O nome sujo de um candidato para determinada vaga, sempre foi um Tabu em processos seletivos. Apesar de não conhecermos o que realmente se passa, por isto é ilegal, a relatos que está prática realmente acontece neste ambiente. Vejam  que a Taís Targa tem a dizer sobre está questão, já que ela tem muita experiência na área de Recrutamento e Seleção e acabou passando algumas vezes por esta situação. Artigo interessante que poderá esclarecer, revelar e desmitificar alguns destes relatos.

“No início do processo seletivo, o candidato assinava um termo em que declarava estar ciente de que faríamos diversas consultas com a intenção de verificar aspectos envolvendo seu nome e CPF. Assim, nós costumávamos consultar não apenas órgãos de proteção ao crédito, como Serasa e SPC, mas também levantávamos a ficha do candidato, no que diz respeito a antecedentes criminais, por exemplo. Quando encontrávamos algo, nós não o eliminávamos. Na verdade, essa não era uma decisão do recrutador. Nosso papel era fazer um relatório e enviar ao RH da empresa para a qual estávamos realizando a seleção. Era deles a decisão de manter ou não o candidato no processo.

Tudo era feito com o máximo de clareza possível. Nas situações em que o candidato era descartado do processo, era comum que entrássemos em contato e informássemos o motivo pelo qual isso ocorreu. Hoje, observando o mercado, percebo que a nossa conduta na época era bem transparente e respeitosa, apesar do risco legal que corríamos por ser assim. O que eu noto é que, apesar de o tempo ter passado, as empresas continuam a checar as pessoas que contratam, mas não avisam isso a elas. Não vou entrar aqui nesse mérito, no fato de as empresas fazerem isso sem o conhecimento do candidato, pois este não é o foco do artigo. O fato é que, ao encontrar negativação em nome de um profissional, a empresa pode:

  • Contratar.

Apesar de saber da negativação, a empresa reconhece que existe uma crise financeira e que muitos brasileiros, devido a isso, não têm conseguido manter seu nome limpo.

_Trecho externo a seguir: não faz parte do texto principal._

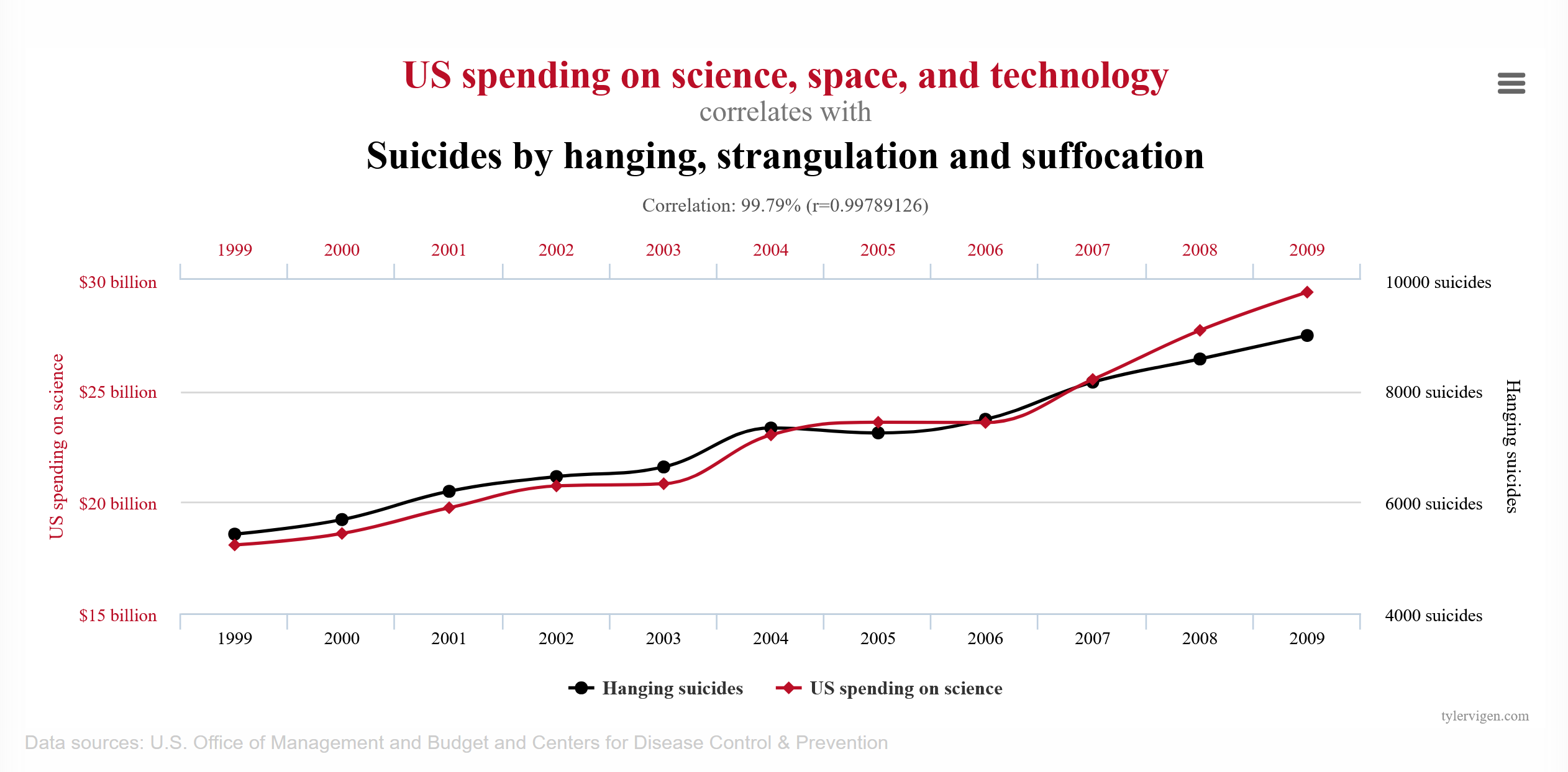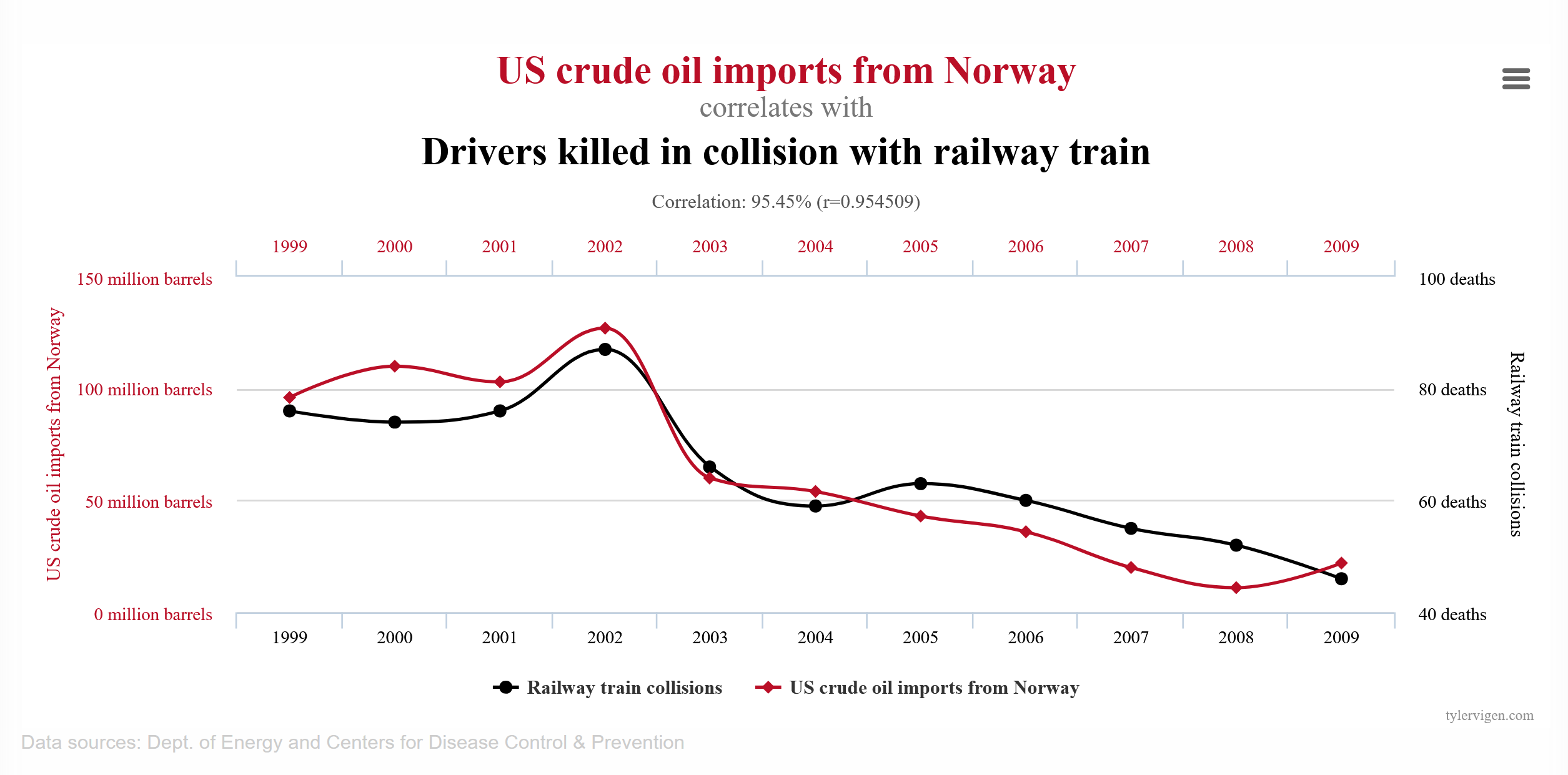 Hohe Korrelationen heißen nicht, dass es wirklich einen Zusammenhang zwischen den beiden Merkmalen geben muss, schon gar keinen kausalen. Auf der Seite Spurious Correlations findet man stark korrelierte Merkmale, die keineswegs irgendetwas miteinander zu tun haben, wie zum Beispiel diese beiden Grafiken zeigen.

  • Contratar, dependendo da área de atuação do profissional.

É comum que, se a vaga for para a área financeira/contábil, como em bancos e auditorias, por exemplo, não haja a contratação de pessoas cujo nome esteja em cadastros de proteção ao crédito. Estas áreas lidam diretamente com dinheiro, orçamento, etc. e este tipo de organização tende a ser mais conservadora nesse sentido.

  1.  Não contratar.

Ainda que o profissional seja excelente, há empresas que simplesmente não contratam pessoas que estejam com o nome “sujo”. É claro que há empresas que nem fazem checagem. Mas você não tem como saber se elas realizam ou não este tipo de consulta. Se você está com seu nome negativado neste momento, isso não é o fim do mundo. Não se martirize pelo que já passou. Agora é hora de tentar resolver a situação.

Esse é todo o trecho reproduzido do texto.